*Exercise brief*.
Pictures must not appear in the copy. Restate exactly the lines below from the one with "ドロップハンドル、650Bホ" through the one with "在馒头中间用刀划一个十字架,划到一个馒头", inclusive.

[Items from a dataset]
-.-.-

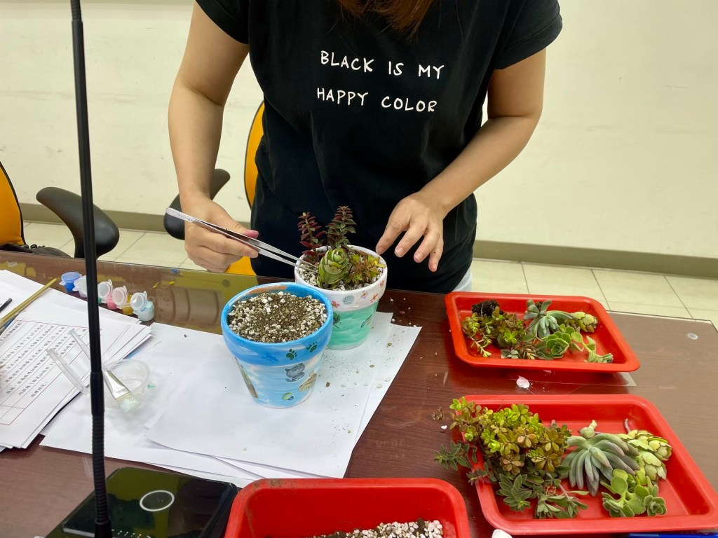「這堂課好療癒、好紓壓🌿」學員邊做著蝶古巴特多肉組合盆栽 ,一邊說著喜歡園藝上課氛圍❤️
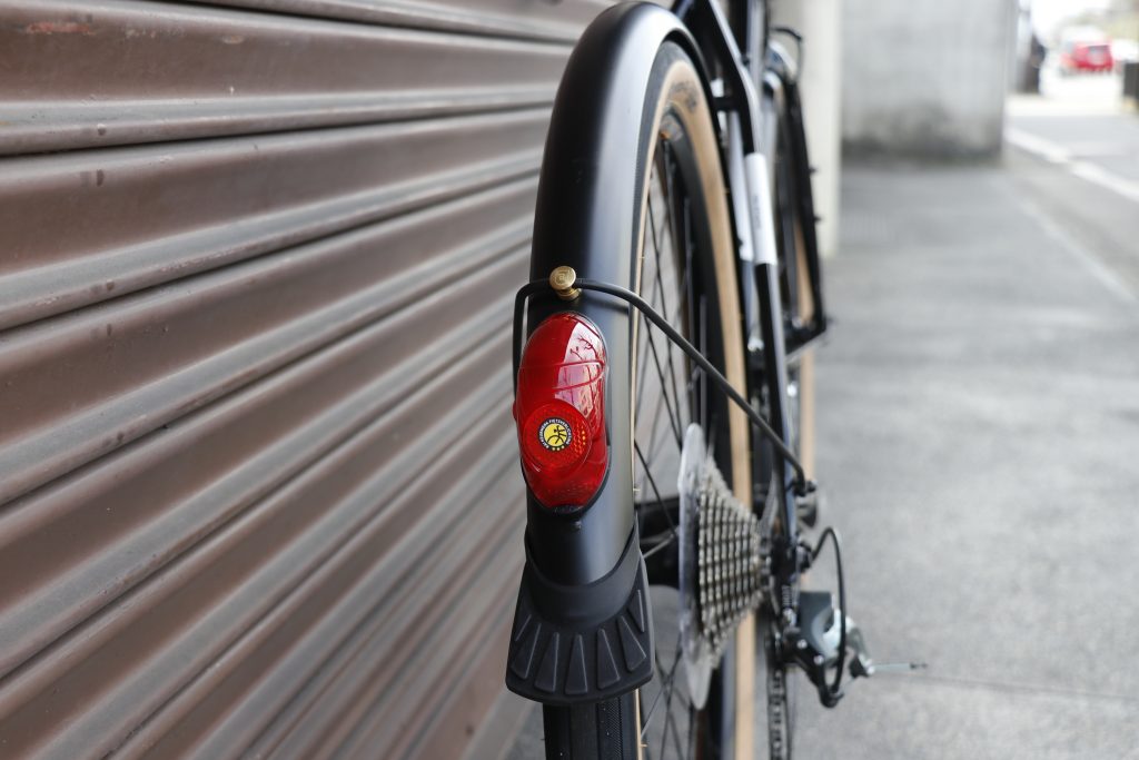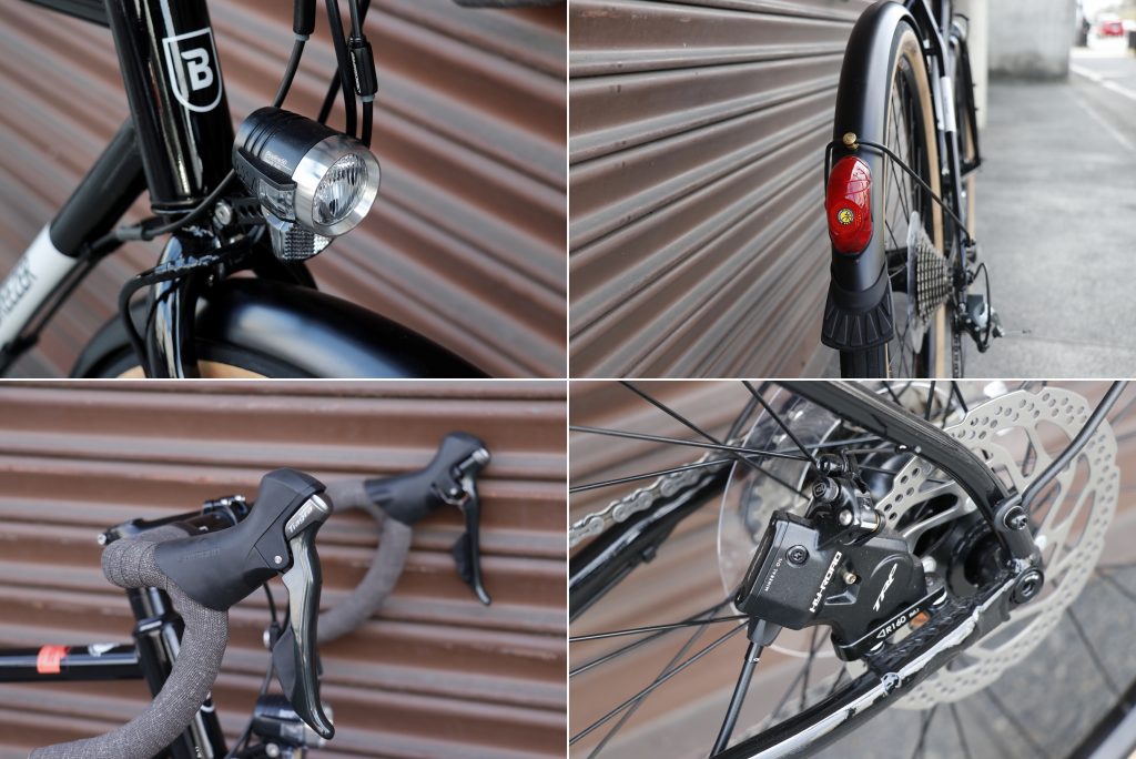 ドロップハンドル、650Bホイール、前後フェンダー、そしてハブダイナモ標準装備。
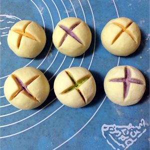 在馒头中间用刀划一个十字架,划到一个馒头的一个平面的直径,不要划太长,深度划露出三色即可,不能太深,划的步骤很重要,一个开花馒头好不好看就在这两刀,切记!
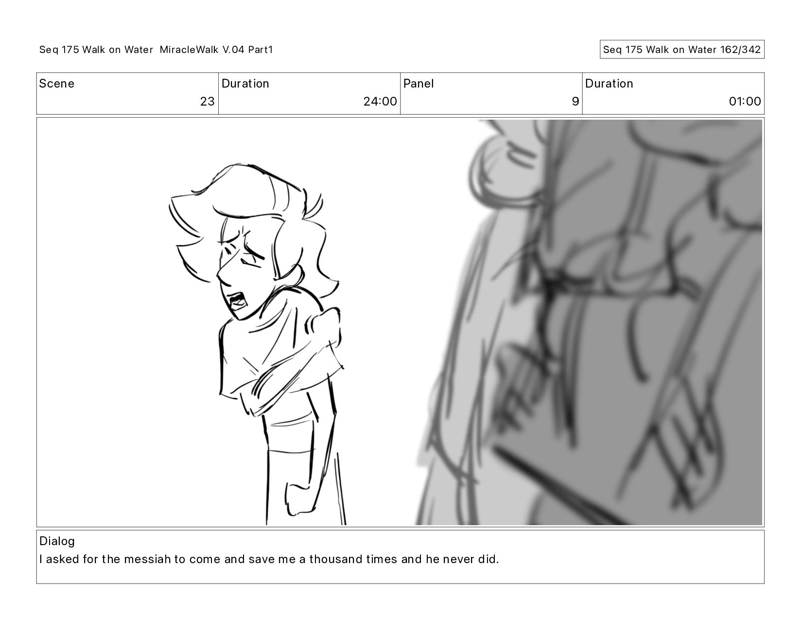 Dialog I asked for the messiah to come and save me a thousand times and he never did. Seq 175 Walk on Water MiracleWalk V.04 Part1 Seq 175 Walk on Water 163/342
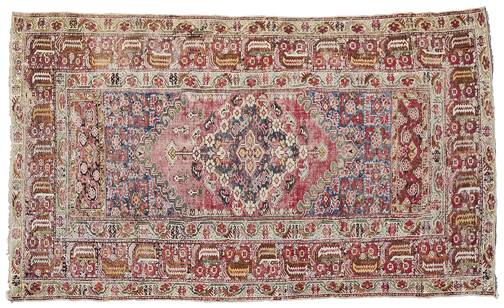 Tappeto Ghiordes, Anatolia metà secolo XIX. Decoro a doppia nicchia con medaglione centrale a fondo verde ornato di rose e garofani su fondo rosa con numerosi acquamanili. Angolari cosparsi di garofani rosa su fondo azzurro. I due cartigli decorati da nastri e nuvole rosa su fondo marrone. Bordura principale con fiori e foglie dentate policromi su fondo marrone. Le due bordure minori decorate con motivo a meandro nei toni del verde rosa e melanzana su fondo bianco (cm 243x143) (difetti e rapature)
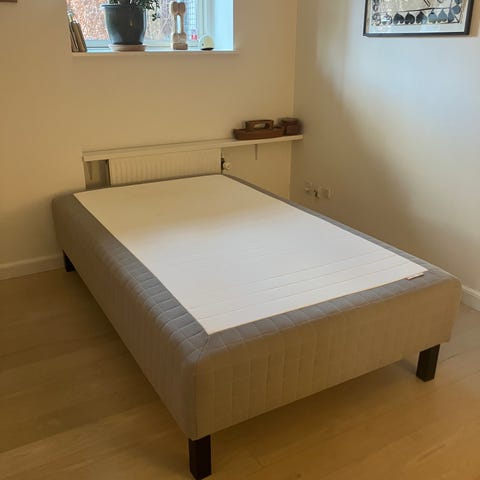 CA 2 år gammel Ikea Skårer boxmadras 120x200 boxmadras inklusiv en Ikea Tuddal topmadras, Ängskorn rullemadras og ben sælges. Købspris ca. 4.000 kr. Fra røg - og dyrefrit hjem. Sengen har kun været brugt som gæsteseng og fremstår pæn, uplettet og med nyvasket topmadras og rullemadras. Der mangler en enkelt dyvel til fastgørelse af benene. Kvittering haves og fremsendes til køber. Hurtig afhentning prioriteres. Befinder sig på 3. sal.
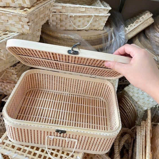 Bamboo Gift Basket with Elegant Ribbon and Lid for Holiday Hamper, Cultural Gift Box or Organic Food Packaging
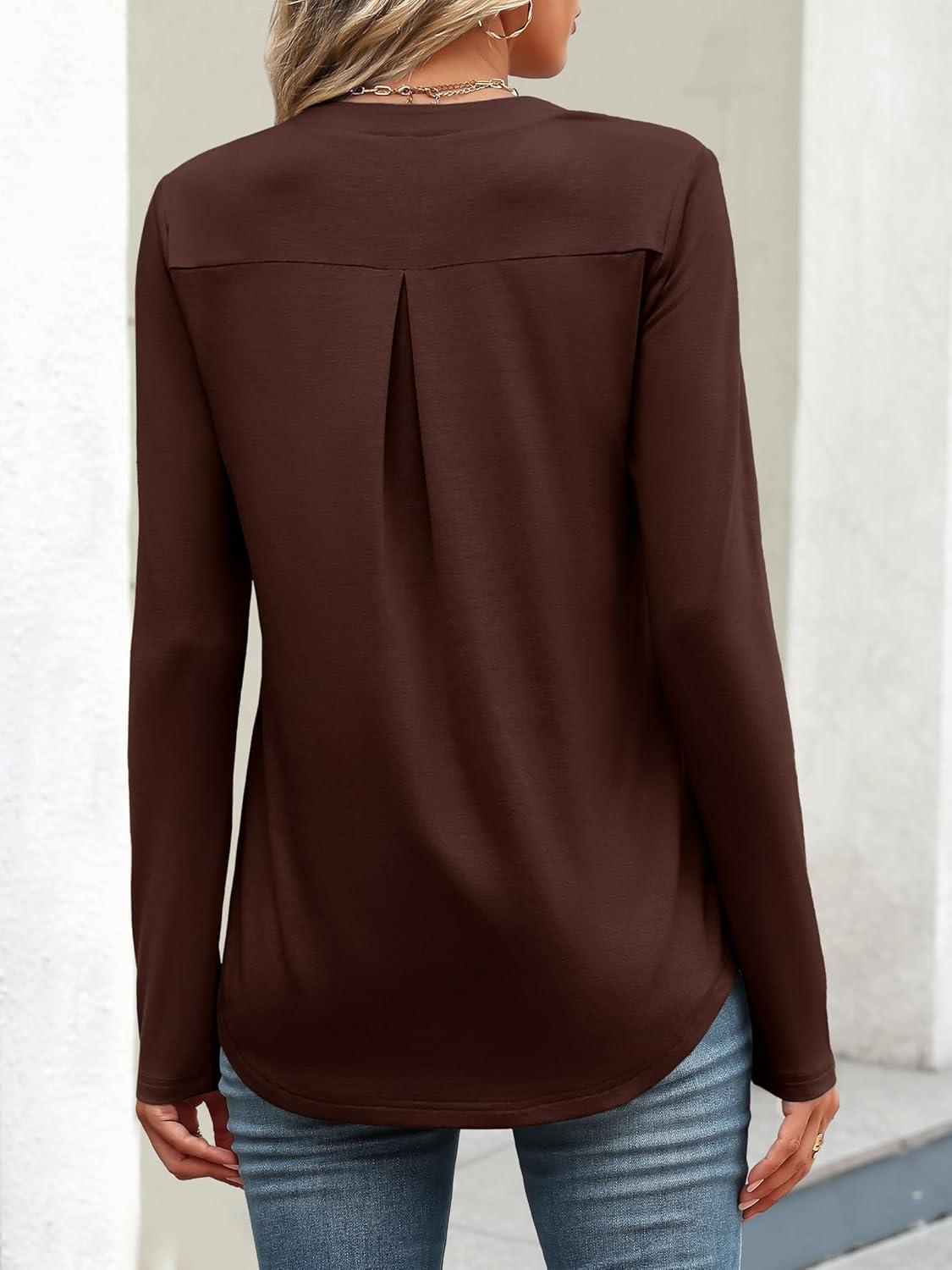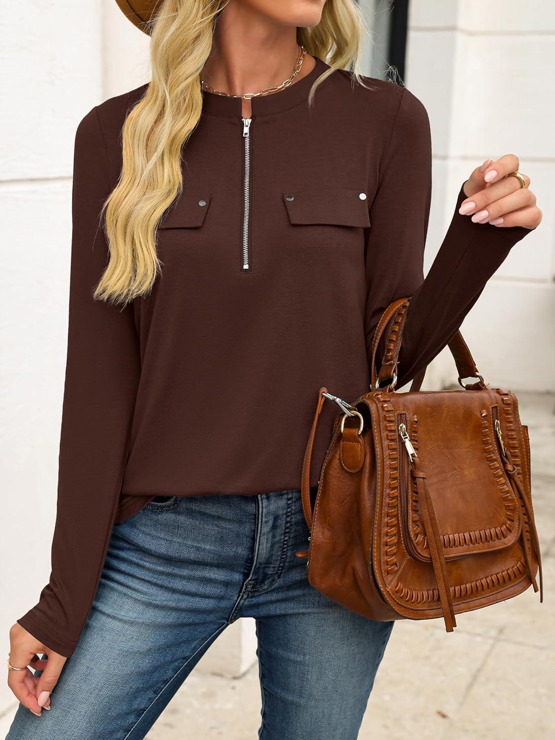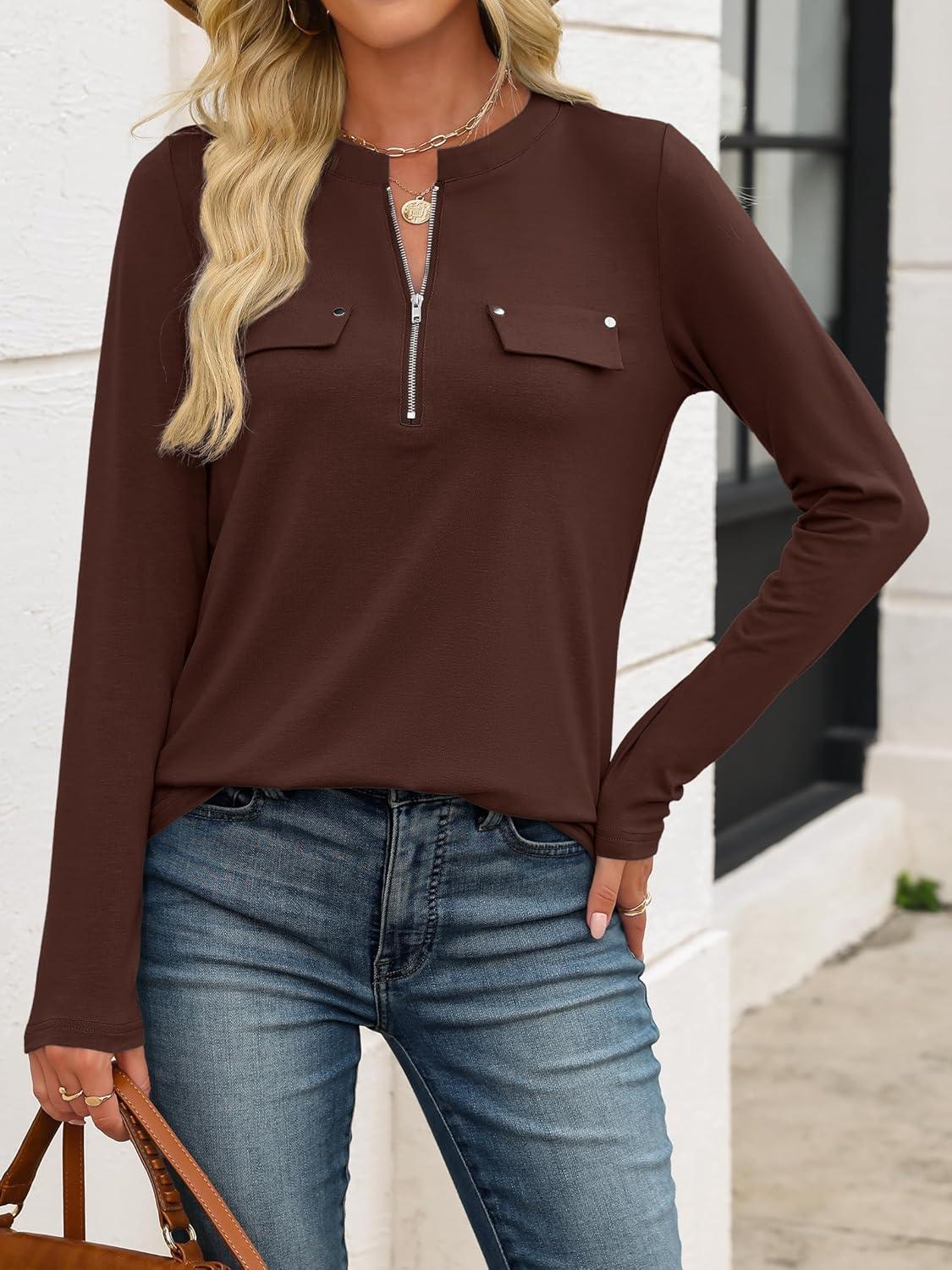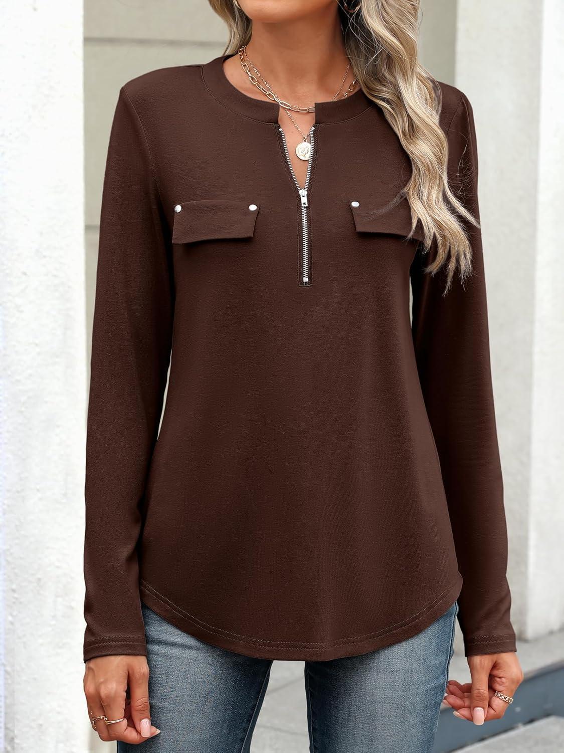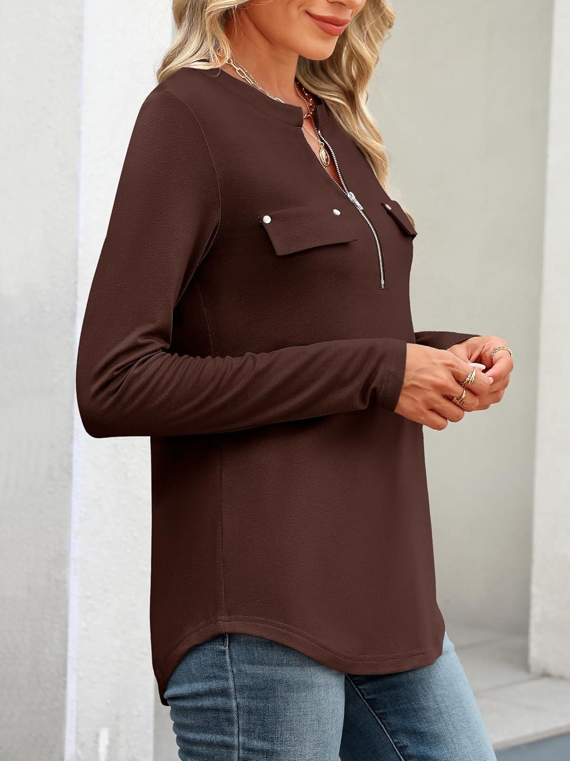 ANRABESS Long Sleeve Shirts for Women Business Dressy Casual Tops V Neck Half Zipper Blouses 2025 Fall Fashion Work Outfits(Brown)

-.-.-

*Exercise result*.
 ドロップハンドル、650Bホイール、前後フェンダー、そしてハブダイナモ標準装備。
 在馒头中间用刀划一个十字架,划到一个馒头的一个平面的直径,不要划太长,深度划露出三色即可,不能太深,划的步骤很重要,一个开花馒头好不好看就在这两刀,切记!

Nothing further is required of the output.